When I was asked to give you a commencement speech today, I was deeply humbled. The fact that I wasn’t actually asked to give you a commencement speech is the main reason for my humility, although my lack of qualifications also helps. I haven’t invented anything, been a pioneer, starred in a movie franchise, or gotten elected to office, so you might as well stop reading right now because I have nothing inspiring to say.
The fact that you are still reading this just confirms how we all can be delusional.
I only have a limited time that I can devote to your not-commencement speech, so I’ll try to get to the point. Some of you are graduating high school, some college and a few of you, grad school. Well, way to go! You are now ready to learn a few things.

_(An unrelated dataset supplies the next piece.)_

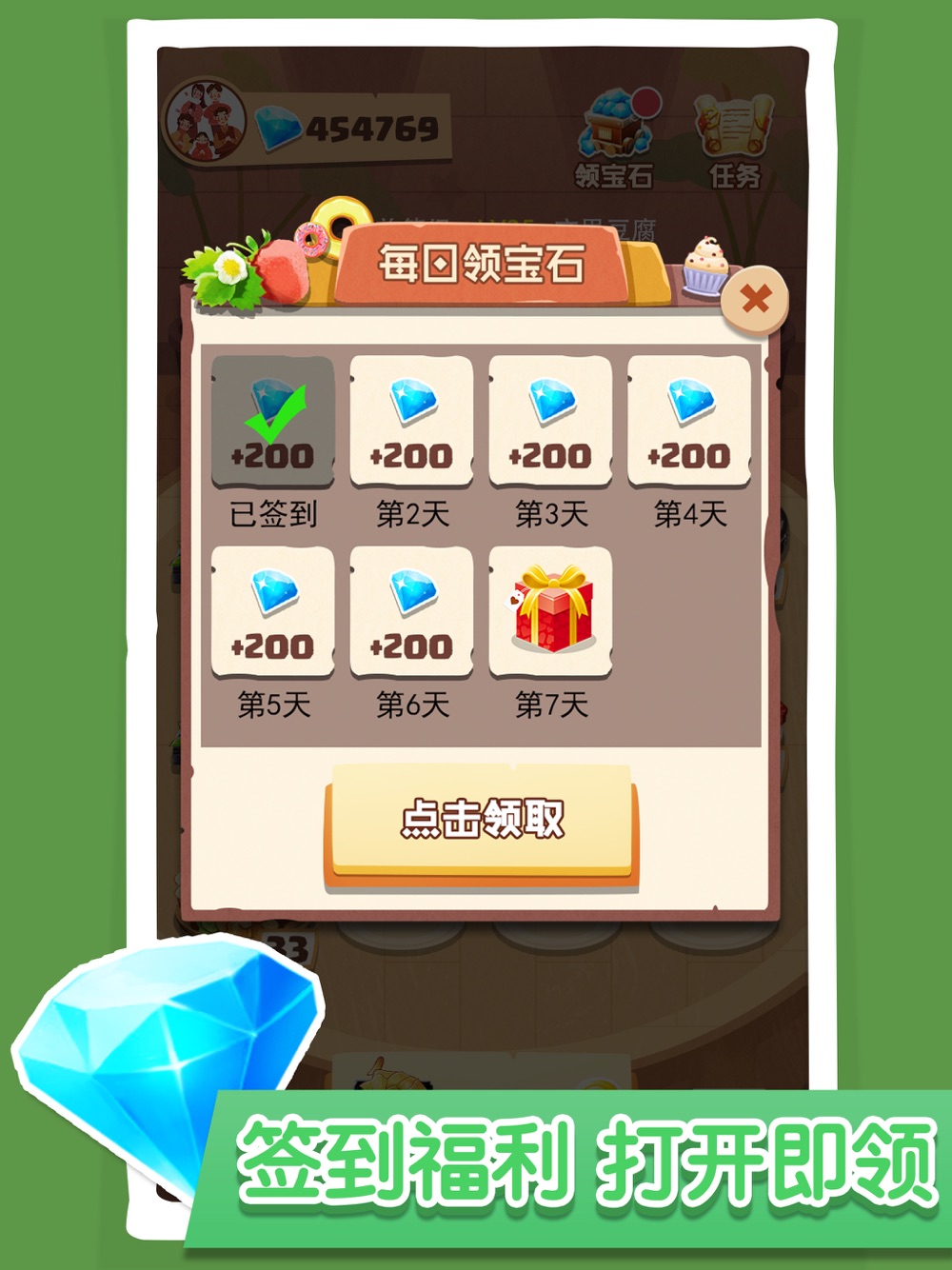 通过合成的方式可以解锁新的美食餐点,桌上的餐点能持续带来收益,循环往复解锁更多的美食餐点,完成游戏当中设置的各种福利任务,还可以领取到丰厚的奖励。

Most of you have already heard your real commencement speaker tell you really helpful advice like “follow your passion”, “do something amazing” or “take some risks”. One speaker I read about decided to pay off everybody’s student loans. Wow. Those speeches sound amazing and really inspiring. Go your own way! Make your mark! Serve the public! Be your travel agent to awesomeland!
These are all great pieces of advice. I hope you do these things because you only get one shot at this life thing and you don’t want to waste this chance. So…listen to those people. They’ve hit it big and actually did get asked to give a speech!
I’m now going to bore you silly. While you are following your passion, also do these things I tell you to do. These things are dull. These things are not risky. These nine things are so blah you may want to claw your ears out when I’m done. Why nine? Because it’s my speech, that’s why:
- SAVE CASH in a bank savings account until it gets to $5000. AND KEEP IT THERE! ALL THE TIME! If you don’t have that (and I didn’t until I was 30) then you will fall into debt (see #5 below). Start with $50 a week into savings. You can do this!
- SAVE FOR RETIREMENT! I don’t care if it’s your new 401(k) account at work, an IRA, Acorns or another bank account. Take your salary, multiply it by 5%, and save that amount. Every six months increase the percentage by 1%. Don’t stop doing it. Future-you will thank young-you.
- RENTERS INSURANCE: If you rent, get renters insurance. I don’t care how little you think your stuff is worth; it’s worth insuring. One stupid roommate leaves a candle burning and then all of your things are gone.
- FLUIDS: The best way to make your car last longer is to zealously change the fluids often. More often than you think, like every 5000 miles. Seriously, it will make your car last a long time.
- AVOID DEBT! Gosh, this is boring advice, but nothing will make you have a better life long-term than to be debt-averse. Yes, some day you will buy a car or a house with debt, but man, oh man, do not get into any other kind of debt! (by the way, if you are going off to college and I hear that you got yourself a credit card, I’m going to punch you in the nose. Don’t do it. Sponge off your parent’s credit card as long as they’ll let you, but don’t do it yourself! Don’t worry about “establishing credit”…that’s credit-card company mumbo-jumbo)
- CHECK your bank accounts and your credit-monitoring service EVERY DAY! What?!! Hey, I know you have the apps on your phone, and don’t tell me you don’t have time! You do. Check them, and set alerts up to tell you when weird things happen. The point is…you are responsible, but you have tools. Aww…am I boring you yet? Shut up. This takes 30 seconds a day.
- Always have HEALTH INSURANCE. Think you can go without it, or you can go with slimmed-down plans? Are you kidding? Do you know what happens if you get sick or injured and you don’t have coverage? You bankrupt your family, that’s what. They will do anything to help you, including spend all of their life savings. Don’t make them do that. Cover yourself. You are not invincible, Sunshine.
- VOTE! Don’t you dare give me some crap excuse like “it’s too hard to register” or “I forgot” or “I’ve got an important thing to do that day”. If you don’t vote, you have just voted for the person you loathe. Old people like me vote, and we are doing terrible things to your generation. Don’t blame us; blame yourself.
- READ! I don’t mean magazines or the scroll at the bottom of Sportscenter. I mean books: novels, biographies, self-help…whatever seems interesting. If you read, you will automatically have a more interesting life. Think of the most interesting person you know…I bet he reads 15 books a year.
Look, I’m all for being passionate, taking a risk, job-hopping or jumping off a mountain. Just remember that the sailor needs to be a slave to her navigation…if she doesn’t know how to navigate, she will never be able to leave the sight of shore. She can follow her passion BECAUSE she’s done the boring things like change her car’s oil and save for her retirement.
Wow, that was riveting. I bet somebody is going to read this and ask me to speak at graduation next year. Well, maybe a middle school, at least.